Pada siang hari, warga tetap menjalankan aktivitas sehari-hari seperti sediakala.
Ada yang bertani, berkebun, dan kesibukan lain yang bisa dikerjakan di dalam desa.
Sementara warga yang memiliki pekerjaan dan harus dilakukan di luar desa terpaksa meliburkan diri tanpa adanya akses jalan, termasuk anaka-anak yang bersekolah di luar desa.
Beberapa potret kondisi tersebut diceritakan Muslikhan (52), satu di antara warga Tempur yang ikut serta terisolasi di kampung sendiri.
Menurut Muslikhan, hujan hampir tidak pernah berhenti selama Desa Tempur terisolasi selama empat hari terakhir.
Masyarakat tidak merasakan panas matahari, yang ada hanya dinginnya buliran air hujan yang jatuh mengguyur kawasan lereng Pegunungan Muria.
"Alhamdulillah, empat hari lega bisa keluar kampung.
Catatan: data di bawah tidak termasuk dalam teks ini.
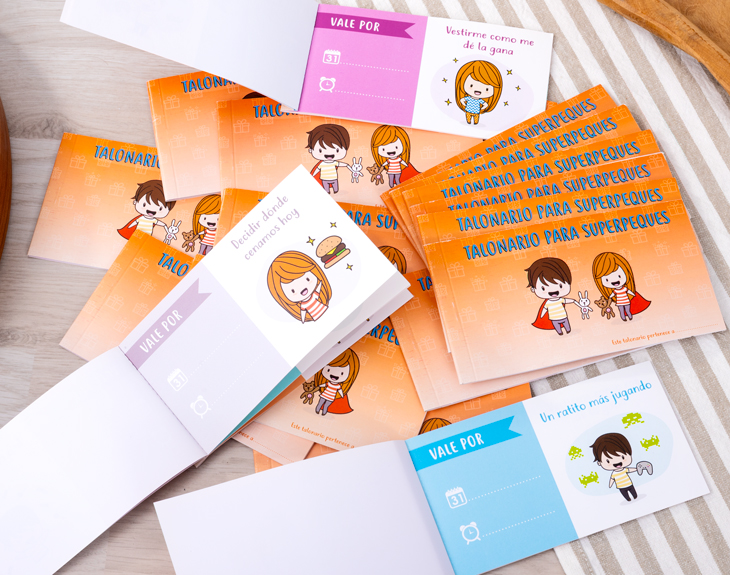 • 20 talonarios de regalos para superpeques. • Tarjeta Recordatoria. - Dimensiones: 15 x 8 centímetros
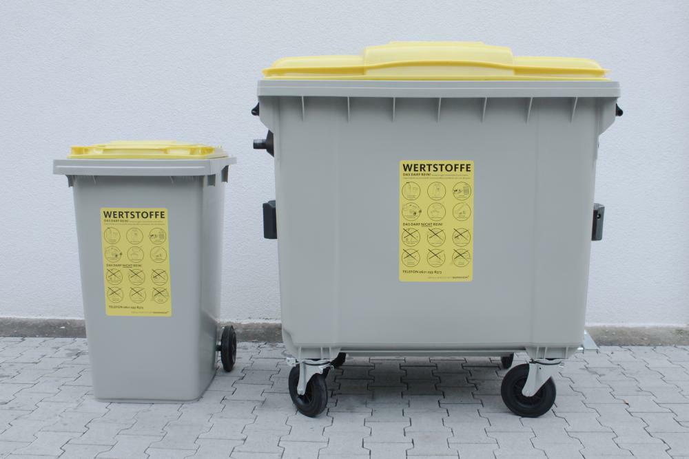 • Wichtiger Hinweis zur Wertstofftonne: Änderungswünsche müssen beim zuständigen Entsorger beantragt werden. Den für Sie zuständigen Entsorger finden Sie auf dem Aufkleber Ihrer Wertstofftonne.

Sejak Jumat (malam) enggak bisa keluar," terang Muslikhan di lokasi jalan terputus setelah pertigaan Selamat Datang Desa Wisata Desa Tempur.
Jalan darurat
Dengan raut wajah ceria, Muslikhan mengendarai sepeda motor bebeknya melintasi jalan setapak sepanjang 60 meter yang dibangun darurat oleh para relawan.
Jalan tersebut pada awalnya hanya bisa dilalui dengan jalan kaki, kemudian tebing di sebelahnya sebagian dipangkas oleh relawan untuk memperlebar jalan agar bisa dilalui sepeda motor.
Muslikhan pun mengendarai sepeda motornya dengan pelan melintasi jalan darurat dengan alas pecahan bebatuan tebing padas. Sang istri membonceng di belakangnya.
Jalan darurat tersebut kini menjadi akses hilir mudik masyarakat Desa Tempur.
Menjadi secercah harapan penduduk di bawah guyuran hujan dalam suasana cuaca ekstrem.
"Kondisi di dalam kampung makan seadanya yang ada. Listrik sudah sempat menyala, tapi mati lagi. Jaringan internet masih hilang. Beruntung hari ini sudah bisa keluar kampung dengan tetap hati-hati," ujar dia.
Muslikhan dan keluarga selama desanya terisolasi tidur di rumah sendiri dengan penerangan seadanya.
Dia juga mengandalkan bantuan dari berbagai pihak berupa makanan atau bahan pokok makanan untuk bertahan.
Sementara warga yang rumahnya rusak mengungsi di tetangga atau saudara.
Muslikhan berharap, jalan yang hilang tergerus banjir segera diperbaiki sehingga warga bisa kembali beraktivitas seperti sediakala.
"Untuk yang lain-lain seperti listrik, internet bertahap. Yang kami butuhkan sekarang adalah akses jalannya dulu, baru fasilitas lainnya. Supaya kami tidak terisolasi, bisa menghirup udara di luar desa," harap dia.
Tinjauan Gubernur
Terbukanya akses sepeda motor ke Desa Tempur dicek langsung oleh Gubernur Jateng, Ahmad Luthfi bersama Wakil Gubernur Jateng, Taj Yasin Maimoen.
Pada kesempatan itu, Bupati dan Wakil Bupati Jepara, Witiarso Utomo-Muhammad Ibnu Hajar, turut mendampingi Gubernur-Wakil Gubernur.
Luthfi menyampaikan, pengecekan dilakukan menyeluruh terhadap wilayah Jawa Tengah yang terdampak bencana, termasuk di Desa Tempur.
Dia mengatakan, kondisi yang cukup parah terjadi di Kabupaten Jepara, khususnya di Desa Tempur yang dihuni sekitar 3.600 jiwa dan sempat terisolasi akibat longsor.
“Namun, berkat gerak cepat Basarnas, BPBD, relawan, TNI, dan Polri, akses perlahan mulai terbuka sehingga aksesnya bisa dilalui dengan kendaraan roda dua atau sepeda motor,” katanya.
"Karena hujan tinggi sudah lima hari berturut-turut, dari gunung airnya turun semua. Jadi kita perlu rencana yang lebih komprehensif, terutama penanganan sungainya. Rencananya sungai di sebelah kanan, baru bisa dibangun jalan," imbuhnya.
Terkait kebutuhan warga, telah disiapkan dapur umum dan jalur darurat yang saat ini sudah bisa dilewati orang dan sepeda motor.
Selain kebutuhan pokok, pemerintah berupaya membantu anak-anak sekolah agar bisa tetap bersekolah, utamanya bagi jenjang pendidikan SMP dan SMA sederajat.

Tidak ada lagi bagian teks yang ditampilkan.